Date:2016-06-29 Hits:287
Your kids can 3D print their own toys now
Just a few years ago, the idea of kid-friendly 3d printers made for a pretty good joke. Well, reality has caught up to the punchline. In February, Mattel launched its $300 ThingMaker, a 3D printer with a kid-friendly app that lets children design, print, and build their own toys.

The printer lets kids create everything from bracelets and necklaces to dolls, dinosaurs, and robots. The parts print out individually, so later in the day kids can return to assemble the interlocking ball-and-socket pieces into the objects and characters they dreamed up themselves.

Though the prices of 3D printers were once unthinkable for most, they've dropped considerably in recent years, and should continue to do so. Libraries, which often offer free or cheap introductions to the technology, are catching on, too. That means 3D printing is more accessible to adults. It only follows that kids are the next frontier.

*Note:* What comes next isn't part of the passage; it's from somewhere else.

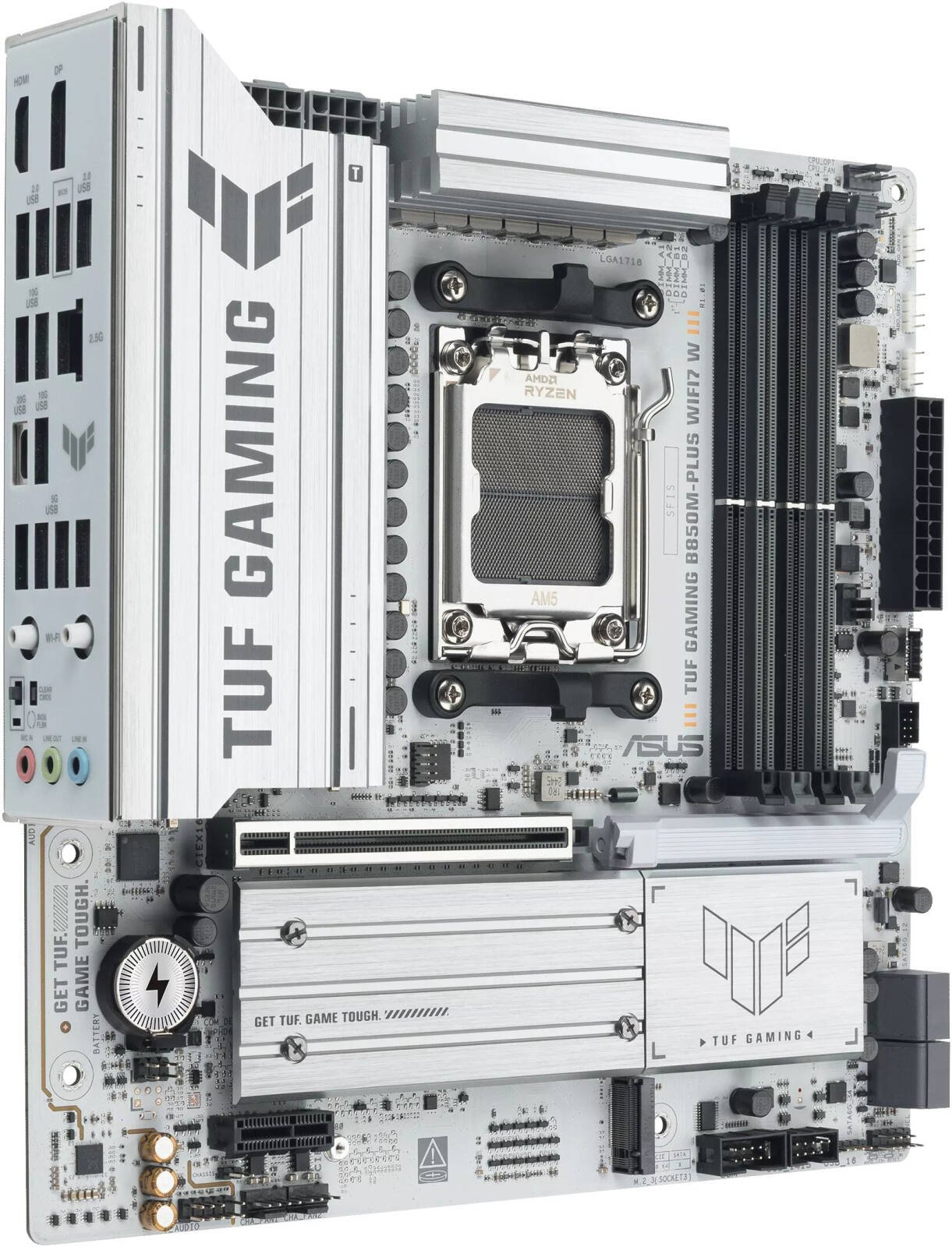 ASUS TUF GAMING B850M-PLUS WIFI7 W m-ATX AM5 Motherboard, AMD B850 Chipset, 4x DDR5 DIMM Slots, Up to 256GB Max Memory, 1x PCIe 5.0 x16 SafeSlot, 3x M.2 Slot, White

In a certain sense, kids 3D printing their own toys is just an evolution from toys that were popular decades ago. In fact, Mattel's ThingMaker even takes its name from a popular toy the company released in the '60s that allowed kids to make flowers and creatures from plastic molds.

If the thought of children getting involved with a complex, new, and somewhat unproven practice still sounds too ridiculous, University of Colorado computer science professor Michael Eisenberg makes a great counterpoint by comparing 3D printers to computers.

"In both cases, the advent of home-accessible devices has sparked an interest in the use of the given technology by children. It is worth recalling how strange it seemed to many observers, back in the 1970s, that children — kids! — might actually use computers," Eisenberg wrote in a 2013 analysis of 3D printing for children. "The idea sounded almost absurd, as if someone today were to suggest that children could be given control of a high-energy collider."